The Board’s conclusion that the teacher has made “habitual and/or excessive use of alcohol” during the 1980-81 and 1981-82 school years is supported by the testimony of three competent adults who at separate times detected the odor of alcohol on his breath. Repeated occasions where the odor of alcohol is detected on one’s breath by responsible witness at separate times and at separate places would seem to form a rational basis for the conclusion reached by the Board that the teacher has made habitual or excessive use of alcohol.

The second conclusion relating to the teacher’s failure to fulfill the duties and responsibilities imposed upon teachers seems to cause less difficulty. By the teacher’s own admission, he had absented himself from class at various times during both the 1980-81 and 1981-82 school years and for excessive periods of time.

The Board did make certain findings of fact that were not supported by the evidence. However, those findings main*48ly concerned the nature and interpretation of communications and conferences between Mr. Hardison, the principal, and Mr. Faulkner. None of these findings were essential to sustain the conclusion reached by the Board.

The Court of Appeals reversed the judgment of the superior court and ordered reinstatement of plaintiff with back pay. We granted discretionary review on 6 March 1984.

Chambers, Ferguson, Watt, Wallace & Adkins, P.A., by Yvonne Mims Evans, and Thorp, Fuller and Slifkin, P.A., by James C. Fuller, Jr., for plaintiff.

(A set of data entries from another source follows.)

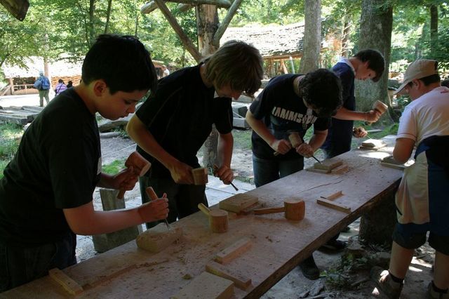 C’était fantastique nous sommes allés faire le tour du site (sculpteur, menuisier, maçon,…) jusqu’à midi. Ensuite nous avons pique-niqué. Après les enfants sont allés chez un artisan pour sculpter la forme que l’on souhaitait sur un pavé de pierre.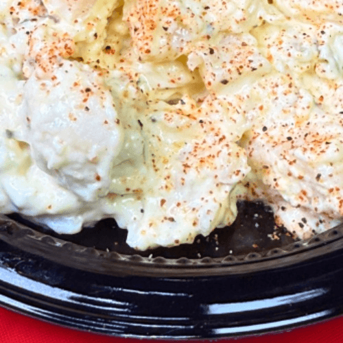 Simple red potatoes, sweet and chunky, miracle whip base with a little mustard to give it a little zing. A great compliment for any meat and our menu
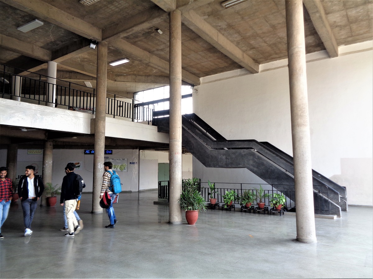 The Chandigarh Institute of Hotel Management and Catering Technology, Sector-42, is a compact complex designed around a central courtyard and to accommodate a variety of functions together. The architect ingeniously handled the project concerning functional clarity, aesthetic appeal, and truthful expression of all structural elements on the exteriors. The build has been designed in exposed brickwork interspersed with some elements in white plaster. From its visual outlook, one can easily judge the influence of Pierre Jeanneret on RS Lall’s architecture.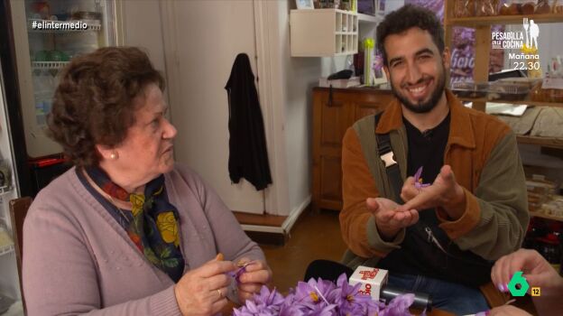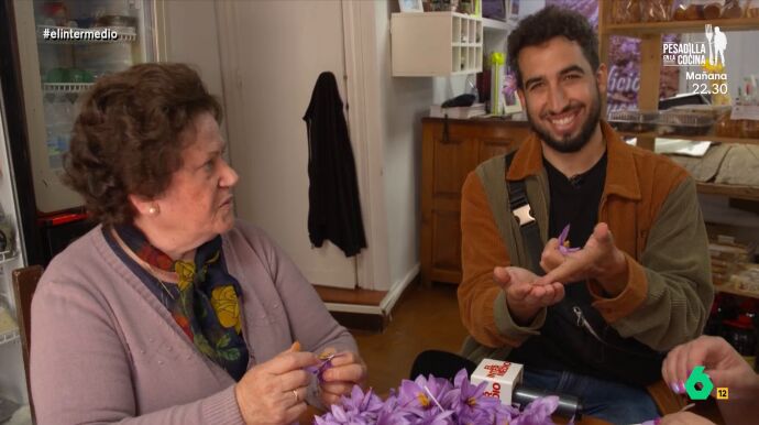 El reportero Isma Juárez ha aprendido gracias a Inma Moreno y Demetria Gallego cómo se monda el azafrán, un proceso a través del cual se retiran los estigmas de la flor para después secarlos.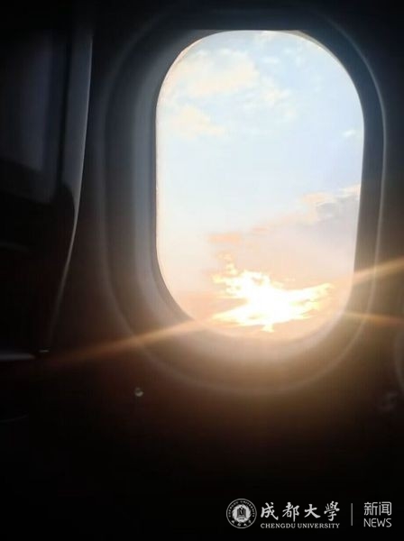 确定录取后 顾小雨拍摄的回程飞机上的阳光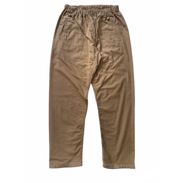 EACHTIME.のイージーパンツ。 今回は起毛加工の施されたネル素材を採用し、ソフトな穿き心地と柔らかな雰囲気に仕上がっています。 EACHTIME.のイージーパンツは、サイドに縫い目を入れないシームレス仕様。 これによりサイドから見るとチェック柄が綺麗に見える拘り様です。 ウエストはゴムに加え、ドローコードも通してあるので好みの位置で穿いていただけます。 フロントはスラッシュポケット仕様のため、見た目もスッキリしています。 腰部分の両側には鍵やチェーンのためのループも配しています。 ポケット部分は補強のスレーキも充てられています。 MADE IN SENDAI JAPAN M ウエスト 68〜110 股上 28 わたり巾 35.5 股下 77 裾巾 21 L ウエスト 74〜115 股上 29 わたり巾 39 股下 79 裾巾 22 ※サイズ表記と実際の商品とで若干の寸法差がある場合がございます。予めご了承下さい。 ※お使いのモニターの環境により色味に差が出る場合がございます。こちらも予めご了承下さい。 ※こちらの商品は実店舗でも販売中の為、在庫切れの場合もございます。予めご了承下さい。

Henderson & Baxter, P.A., by David S. Henderson and Benjamin G. Alford, for defendant. .

MARTIN, Justice.

The New Bern-Craven County Board of Education based its final decision to dismiss Terry M. Faulkner on two of the five statutory grounds specified in the recommendation of Superintendent Quinn. We have granted discretionary review in this case to consider the first of these grounds as articulated in the Board’s report:

1. That the teacher, Terry M. Faulkner, has made habitual and/or excessive use of alcohol (G.S. 115C-325(e)(l)(f)) in that on an occasion or occasions during the 1980-1981 school year, Faulkner has consumed some form of alcoholic beverages at school, or, at least, has had the odor of alcohol on his breath at school during instructional hours, and has, during the school day, on occasions during the 1981-1982 school year, and after reprimand and warning against the same, consumed alcoholic beverages, or at least, has had the odor of alcohol on his breath.

In particular, we examine the following significant portion of the Court of Appeals opinion in this case:

After considering the whole record, we are obliged to conclude that the Board’s conclusion that plaintiff is an “habitual and/or excessive user of alcohol” is not adequately supported by evidence and must be set aside. If the charge was drinking during school duty hours the decision would be other*49wise; but, of course, the Legislature has not seen fit to make that a ground for discharging career teachers.

65 N.C. App. at 491, 309 S.E. 2d at 552.

We cannot concur in this assessment of the intent of our legislature regarding acceptable standards of conduct for career teachers in North Carolina and therefore reverse the decision of the Court of Appeals.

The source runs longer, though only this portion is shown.